Christian Mattar wrote:

>Hi!
>
>psmith wrote:
>
>>Christian Mattar wrote:
>>
>>>Hi!
>>>
>>>psmith wrote:
>>>
>>>(psmith's ranbling snipped)
>>>
>>>I just checked, Mozilla's and Communicator cookie-files look exactly the
>>>same, the< use the same spec from
>>><http://www.netscape.com/newsref/std/cookie_spec.html>. I suggest you
>>>inform yourself properly next time before throwing around any invalid
>>>claims. Oh, and BTW: Cookies were *invented* by Netscape. It never was
>>>an open standardizing process, so Mozilla's cookie handling (or IE's for
>>>that matter, which AFAIK uses the same format) is no more or less
>>>proprietary thans Communicator's.
>>>
>>>Christian
>>>
>>    Yes, the cookie files look the same.  The problem is how the cookie
>>is handled in real-time as it is passed through the browser.  Maybe all
>>the programmers on this group who don't think this is an issue of any
>>concern to Mozilla programmers need to vote to get rid of all that fancy
>>cookie handling stuff written into Mozilla before you all attempt to
>>make it even more elaborate than you did.
>>
>
>I've downloaded Cookie Pal to see how it works. It basically awaits the
>Windows message box
>which pops up when a cookie is received, intercepts it, and
>automatically sends either 'Accept Cookie' or 'Reject Cookie'. This
>won't work with XUL, since I don't think external apps can easily detect
>XUL-popups, since they are rendered by Mozilla itself, not the Windows
>GUI subsystem. This in indeed a problem, although it doesn't have
>anything directly to do with Mozilla's cookie processing, but the way
>the GUI is drawn. I don't think that there's an easy solution to this
>problem, since XUL isn't going to go away anytime soon. I guess in an
>embedded version of Mozilla like Kmeleon(although I don't know whether
>it has *any* cookie handling capatbilites, i.e. opens a message box when
>a cookie arrives), Cookie Pal could easily be adapted to work with it.
>
>Christian
>
    Your downloading and checking out Cookie Pal was most appreciated. 

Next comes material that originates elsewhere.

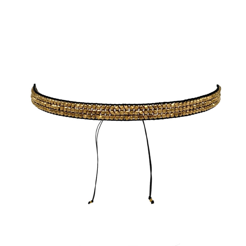 Choker υφαντό σε αργαλειό με ημιπολύτιμες πέτρες αιματίτη.Είναι γνωστός για την έντονη μεταλλική του λάμψη και τις ευεργετικές του ιδιότητες.Διαθέτει ρυθμιζόμενο κούμπωμα για άψογη εφαρμογή.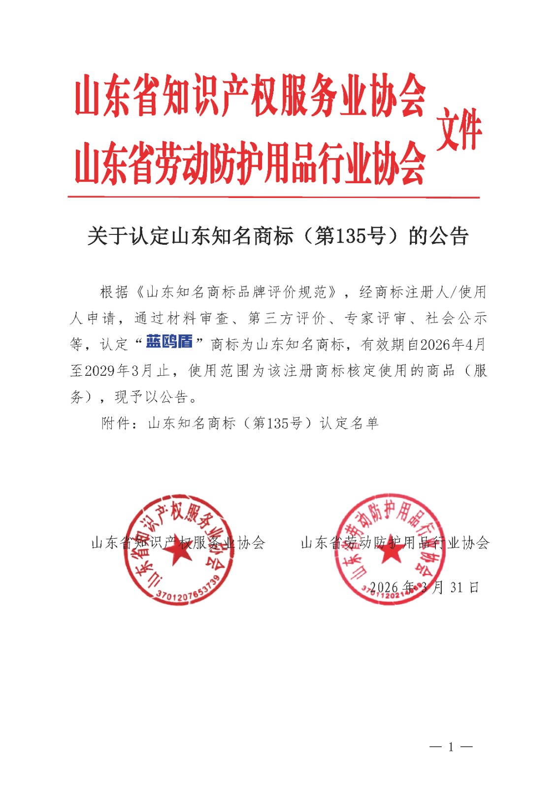 > 关于认定山东知名商标(第135号)的公告

 Thanks for helping to explain what you see as the problem that Mozilla 
has in receiving information about cookies from Windows messages.  I 
guess at this point the main hope for my request is that enough Mozilla 
writers have seen that the cookie management as it stands will probably 
not satisfy enough of the people who are the type to have some 
significant concern about exactly how and to what extent cookies are 
used with various websites, and will probably be pointless to have at 
all for most other people.  My suggestion is that Cookie Pal should be 
the model for what Mozilla should do, or maybe someone can figure a 
workaround to have Windows notice the cookies that Mozilla receives so 
that Cookie Pal can then work directly with the cookie file.